**Dataset content**
☆ ☆ ☆

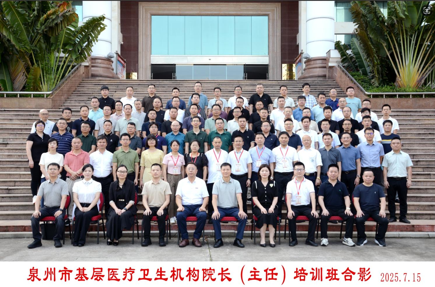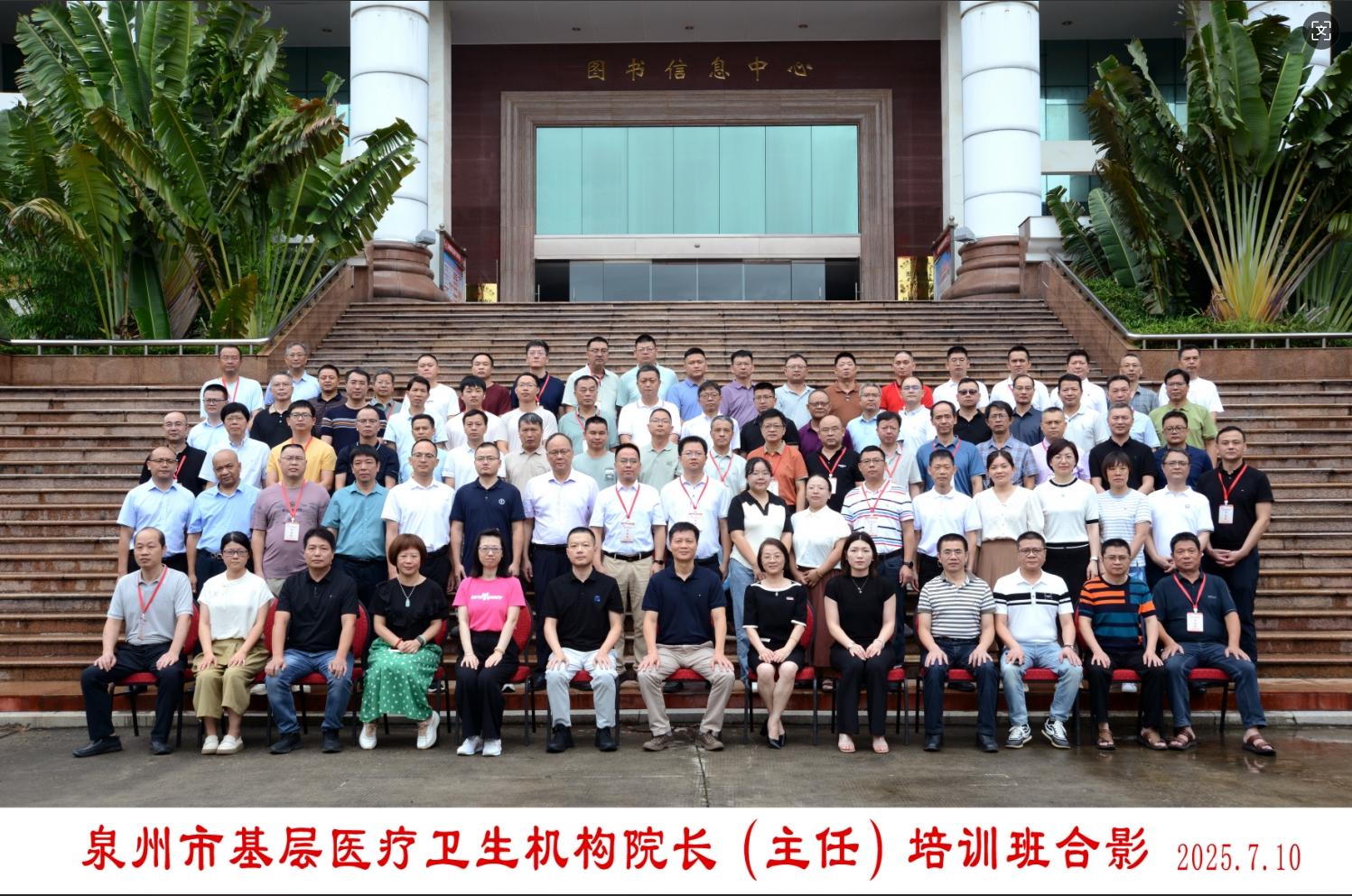 2025年7月10日至16日,由泉州市卫健委主办、泉州医学高等专科学校承办的全市基层医疗卫生机构院长(主任)培训班在图书信息中心十二楼多功能厅举行。校党委委员、副校长林迳苍,泉州市卫健委副主任吴达辉等出席开班仪式,来自各县(区)的 160 余名基层医疗卫生机构院长(主任)参加培训。
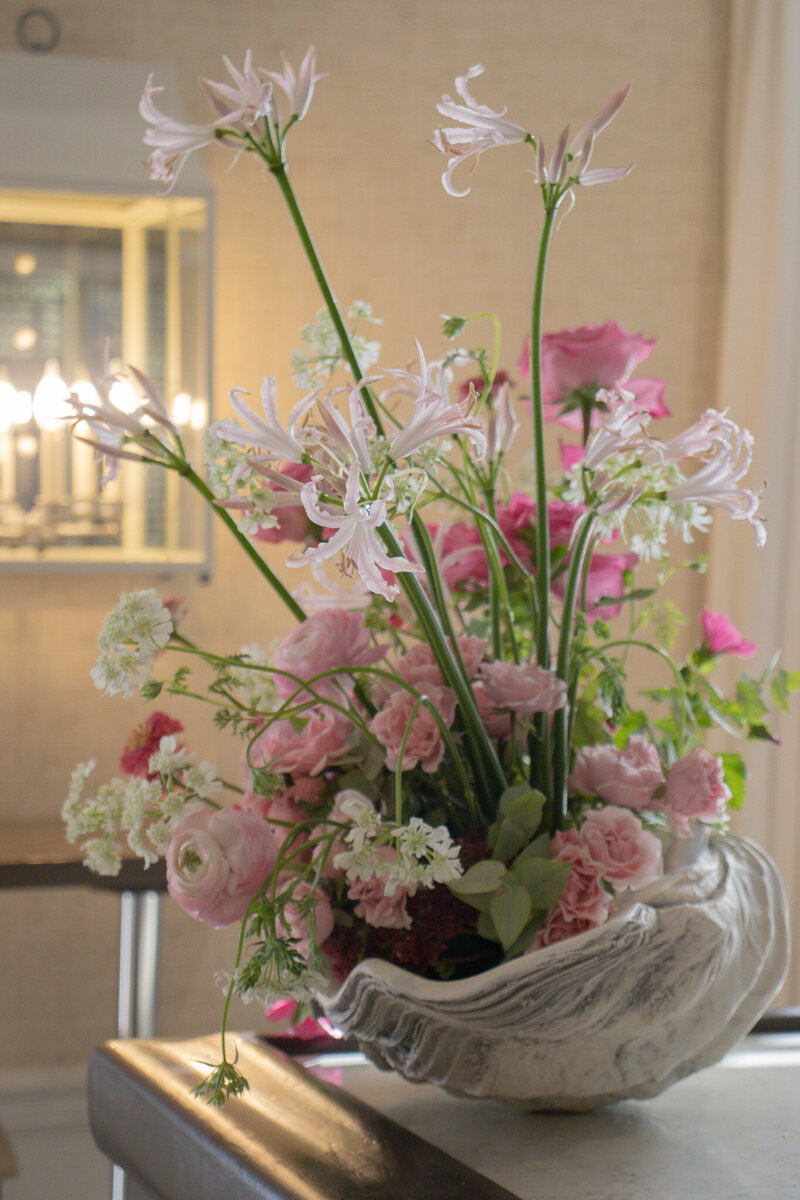 Tablescapes featured coastal-inspired linens and napkins, styled with precision and warmth. Oyster shells became delicate vessels for pin-frog arrangements — a subtle nod to the ocean just beyond the windows. A floral divider framed the band, creating an artful transition between music and movement, while the cake meadow and bar installations bloomed with sculptural statement pieces set within oversized shells.
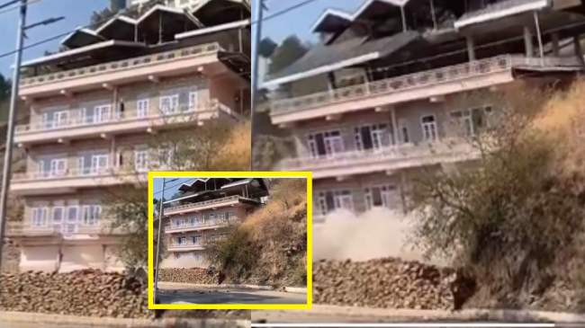 वायरल हो रहे इस वीडियो में बेहद खूबसूरत 5 मंजिला मकान देखते ही देखते भरभराकर गिरती दिखाई दे रहा हैं। बताया जा रहा है कि यह घटना शिमला ग्रामीण क्षेत्र के तहत ग्राम पंचायत घंडल की है। यह मकान शिमला-बिलासपुर नेशनल हाइवे के किनारे सोलह मील पर बना हुआ था। इसलिए बिल्डिंग गिरते ही हाईवे की आवाजाही पर रोक लगा दी गई। हालांकि, कुछ देर बाद एकतरफा आवाजाही शुरू की गई। मकान गिरने की जानकारी जैसे ही लोक निर्माण मंत्री विक्रमादित्य सिंह को हुई, वह तुरंत मौके का जायजा लेने के लिए घटनास्थल पर पहुंच गए। जानकारी के अनुसार, इस हादसे में किसी तरह की जनहानि नहीं हुई है।
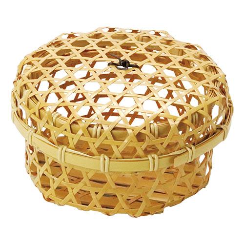 白竹(皮付)を使用した、六ツ目編みの蓋付丸篭です。耐久性がある白竹篭に蓋を付け、風情ある料理篭に仕立てました。☆国産手造り商品です。白竹篭の蓋付きは人気があります。
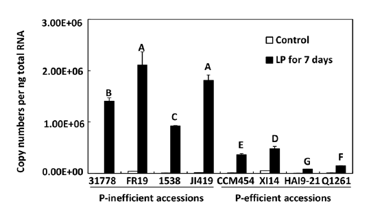 為了進(jìn)一步調查玉米低磷脅迫時(shí)PILNCR1的功能,我們通過(guò)RT-qPCR,檢測在磷高效玉米(CCM454、X114、HAI9-21、Q1261)和磷低效玉米(31778、FR19/1538、J1419)中PILNCR1的表達量。在pi缺乏條件下,在磷高效株和磷低效株中PILNCR1的表達量都是低的,見(jiàn)圖7。然而,當玉米收到低P脅迫7天后,磷低效玉米株中的PILNCR1的表達量是磷高效株中的6倍。

☆ ☆ ☆

**Work to be completed**
Nothing but the lines above from the one that has "Tablescapes featured coastal-inspired" down to the one that has "白竹(皮付)を使用した、六ツ" belongs in the answer, copied exactly, without pictures.

**Answer for this exercise**
 Tablescapes featured coastal-inspired linens and napkins, styled with precision and warmth. Oyster shells became delicate vessels for pin-frog arrangements — a subtle nod to the ocean just beyond the windows. A floral divider framed the band, creating an artful transition between music and movement, while the cake meadow and bar installations bloomed with sculptural statement pieces set within oversized shells.
 वायरल हो रहे इस वीडियो में बेहद खूबसूरत 5 मंजिला मकान देखते ही देखते भरभराकर गिरती दिखाई दे रहा हैं। बताया जा रहा है कि यह घटना शिमला ग्रामीण क्षेत्र के तहत ग्राम पंचायत घंडल की है। यह मकान शिमला-बिलासपुर नेशनल हाइवे के किनारे सोलह मील पर बना हुआ था। इसलिए बिल्डिंग गिरते ही हाईवे की आवाजाही पर रोक लगा दी गई। हालांकि, कुछ देर बाद एकतरफा आवाजाही शुरू की गई। मकान गिरने की जानकारी जैसे ही लोक निर्माण मंत्री विक्रमादित्य सिंह को हुई, वह तुरंत मौके का जायजा लेने के लिए घटनास्थल पर पहुंच गए। जानकारी के अनुसार, इस हादसे में किसी तरह की जनहानि नहीं हुई है।
 白竹(皮付)を使用した、六ツ目編みの蓋付丸篭です。耐久性がある白竹篭に蓋を付け、風情ある料理篭に仕立てました。☆国産手造り商品です。白竹篭の蓋付きは人気があります。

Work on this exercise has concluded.